The connection is as
Current
ASA ISP Firewall INT ---- ASA Customer Outside INT (in turn natted to internal hosts) - example below
ISP Public 1.1.1.1
Private IP 10.153.164.27 (ASA outside interface)
Internal 10.50.4.18
Proposed
ISP Firewall ---- MX250 Uplink 1 ---- Inside Hosts
The key thing is we need to maintain those IPs from ISP which are being natted. Should I just use the same 1:1 NAT as above. The Uplink Internet 1 IP address will be the same as it was it is on our Cisco ASA Outside Interface
Uplink IP 10.153.164.2
Public IP 10.153.164.27
LAN IP 10.50.4.18
Thanks in advance
Hi Steven,
I'm not sure I follow why it's different before and after.
You have 1 x public IP from the ISP
They hand off a link to you from their manage firewall (on private IP's)
They are doing a 1:1 NAT from the public IP to the private IP of your ASA external interface
You are doing a 1:1 NAT on the ASA from external to internal
You seem to have a second IP in the mix on the proposed MX - like the ISP may be natting multiple public IP's to you perhaps?
Is something changing on that front, or you want to just do like for like?
Cheers,
Tim
Thanks for responding.
What you have summarised there is correct.
The ISP firewall has the Public IP, from their FW appliance to ours hand-off to a static private IP(outside interface). They are then natting multiple public IPs from their firewall to ours.
I guess my question is should I just do the same on the MX:
WAN-IP will become the old ASA Static private IP (connected to the ISP interface)
Now when it comes to natting public IP addresses do I just use 1:1 NAT.
For instance this is our the Cisco ASA
Public Service1.1.1.1 (via the ISP Firewall)

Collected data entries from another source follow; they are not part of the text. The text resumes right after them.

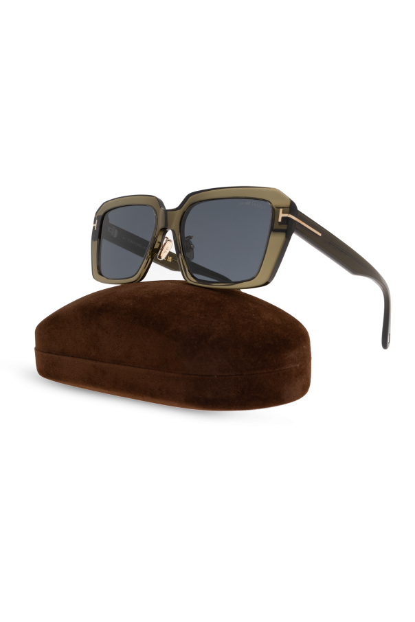 Introducing the Tom Ford Sunglasses—an epitome of luxury and style, embodying the exquisite vision of the iconic designer Tom Ford. These sunglasses feature a unique square shape with bold, green frames crafted from 100% acetate, exuding sophistication and modern elegance. The dark lenses, likely polarized, provide unmatched protection while enhancing visual clarity. The frames boast distinct edges, adorned with golden \"T\" details on the sides, a signature touch that echoes the designer\'s renowned aesthetic. Embellished with the \"TOM FORD\" logo atop the lenses, these sunglasses rest in a plush brown case, reflecting their exclusive nature and meticulous craftsmanship. Why Choose This Product? Designed by the illustrious Tom Ford, former creative director of Saint Laurent and Gucci, and a seven-time CFDA award winner. Features distinctive golden \"T\" embellishments that are quintessential to Tom Ford\'s design language. Comes with a luxurious brown case, underscoring its premium quality.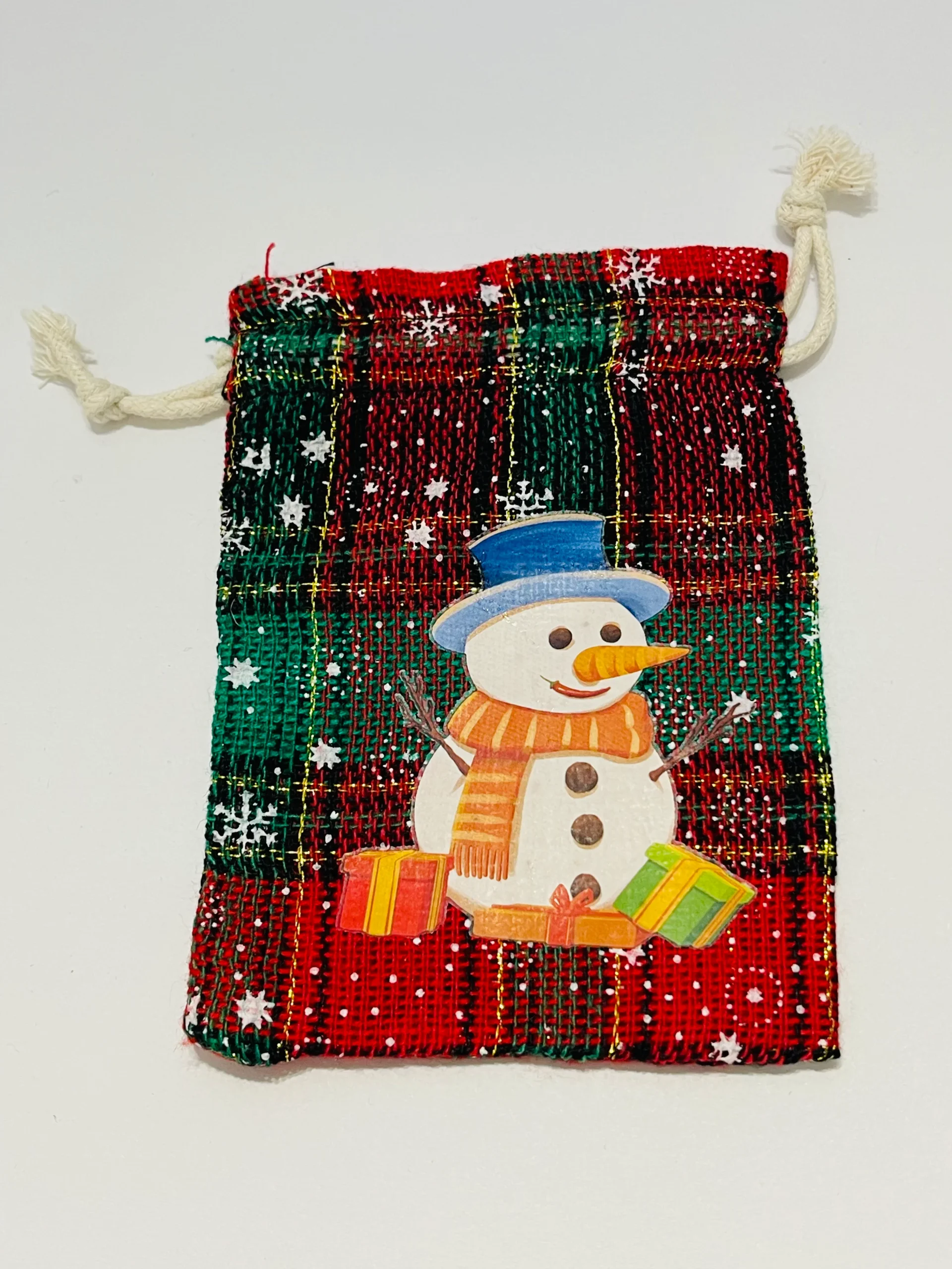 Lot de 5 sachets cadeaux en toile de jute avec comme motif bonhomme de neige . 14 x 10 cm.
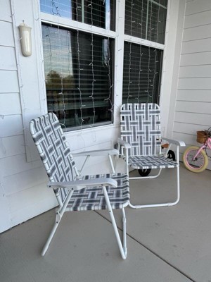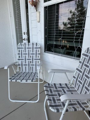- Built from durable, weather-resistant white powder coated steel and gray & white striped nylon straps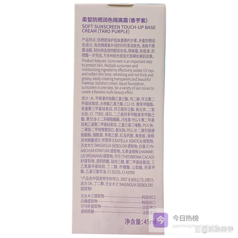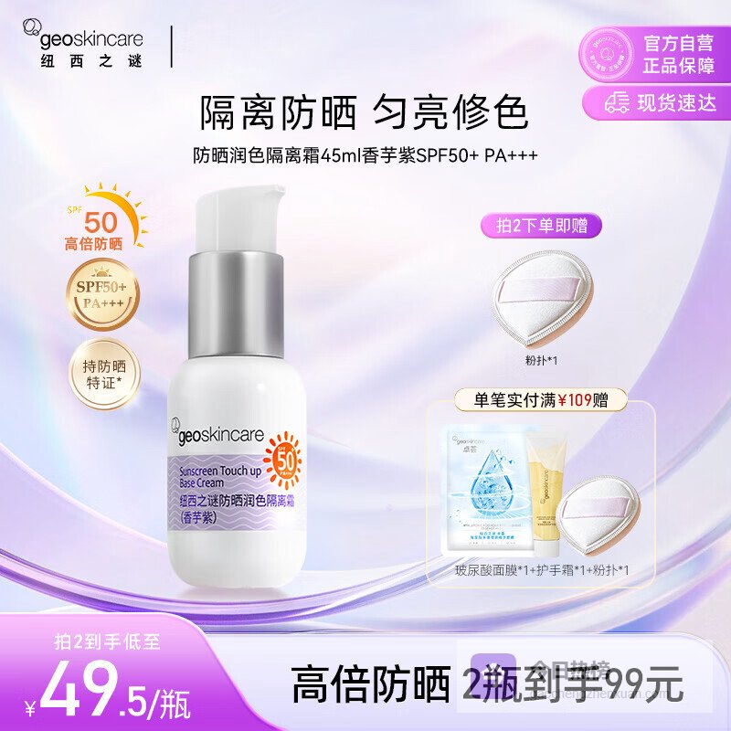 推荐入手:纽西之谜防晒隔离霜45ml香芋紫SPF50+

Private IP 2.2.2.2 (natted to a host on our outside interface)
Private IP 3.3.3.3 (natted to a host on the inside network)
Public IP 1.1.1.2 (via the ISP Firewall)
Private IP 2.2.2.3 (natted to a host on our outside interface)
Private IP 3.3.3.4 (natted to a host on the inside network)
Apologies sent this too quick.
We wont be natting the MX IP, only the range of IPs within a subnet which is to be used for those outside services. using this as an example
ISP IP 1.1.1.254
WAN-IP 1.1.1.1
So this is what we want to achieve with the above on the MX.
Thanks
I know that is of no help to you now, but IPV6 would fix all this craziness.
Meraki! Are you listening? This is a use case for IPV6! No Natting!
I don't know if you can 1:1 NAT the IP address on the actual MX WAN interface, but you can 1:1 NAT any other IP address in that subnet that the WAN interface is in (except for the ISP address, of course).
Ah yes, just tried - it won't let you forward that as 1:1.
Cheers,
Tim.
but No-NAT?
I considered using No-NAT but ended up configuring the next device up the line to just pass everything through without NATting.